Abortion has been illegal in all circumstances since 1998, when legislators from across the political spectrum voted to strip women of their reproductive rights without any public debate or medical consultation about the consequences.

Dozens of women have since been prosecuted for homicide and manslaughter after suffering an obstetric emergency like a miscarriage or still birth.

Like Hernández, the vast majority are poor single rural-dwellers convicted on tenuous evidence. In many cases, the women were survivors of sexual violence and did not realise they were pregnant.

Violence against women is endemic in El Salvador, with one woman killed every 15 hours, according to figures collected by Ormusa, a gender crime observatory. In 2018, 60% of recorded sexual violence cases involved girls aged 12 to 17.

In recent years, public opinion on abortion has shifted. But despite growing support for allowing access to abortion in circumstances such as rape, incest or if the woman’s life is at risk, hopes of change were dashed in 2018 when a legislative bill to ease restrictions failed at the last hurdle.

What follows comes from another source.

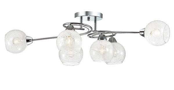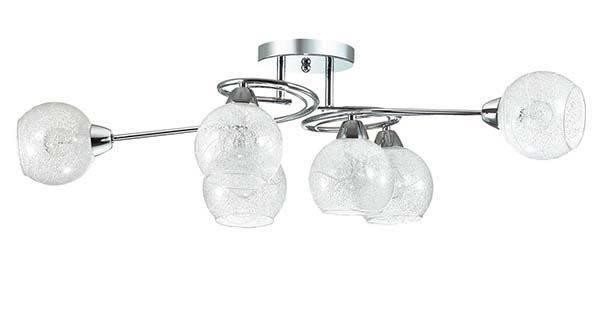 Люстра потолочная 3063/6C серии Nevette оформлена в современном стиле. Люстра состоит из стеклянных прозрачных плафонов с легким рисунком, украшенных стеклянной крошкой, и необычной арматуры хромового цвета. Стильная, оригинальная, современная - вот главные качества данной модели. Цоколь E14. Мощность 6x60W. Нет ламп в комплекте.

“It was the best window of opportunity for reform,” said former legislator Johnny Wright, who sponsored the initiative. “We had the votes, we had international support, we had members of government openly making the case for reform … but as word spread, so did lobbying which got to those worried about re-election.”

Hernández’s trial will test Bukele’s commitment to tackling the ever increasing miscarriages of justice.

Wright, leader of new political party Nuestro Tiempo (Our Time) and one of the country’s few openly pro-choice politicians, believes the president, who is anti-choice, should use his popularity to swing the debate toward decriminalisation.

“Why does our political and justice system keep persecuting these women? Maybe the cruel punishment of certain women reflects the violent nature of our society … it’s a matter of injustice and inequality, and the president should show leadership and make a public statement about this matter.”

Women in San Salvador demonstrate in support of Evelyn Beatríz Hernández Cruz. Photograph: AFP Contributor/AFP/Getty Images

The chances of legal reform are, however, slim, given that rightwing anti-choice party Arena and its allies hold a majority in the legislature.

Campaigners nonetheless hope Bukele will create a committee to review the legality of all cases involving women jailed for abortion-related offences – as recommended by the UN human rights high commissioner in 2017.

In the past decade, 41 women have been freed as a result of dogged campaigning by domestic and international human rights groups, including six – Teodora del Carmen Vásquez, Mayra Figueroa, Elsy Rivera, Katherine Mazariego, Maria Lopez and Imelda Cortez – in 2018.

A further 16 women known to activists are serving up to 35 years in jail; at least five others, including Hernández, are being prosecuted.

At an earlier court appearance, Hernández, who pleaded not guilty for the second time, said: “I trust God that I will be fine. I know that good things are coming for me, I am innocent.”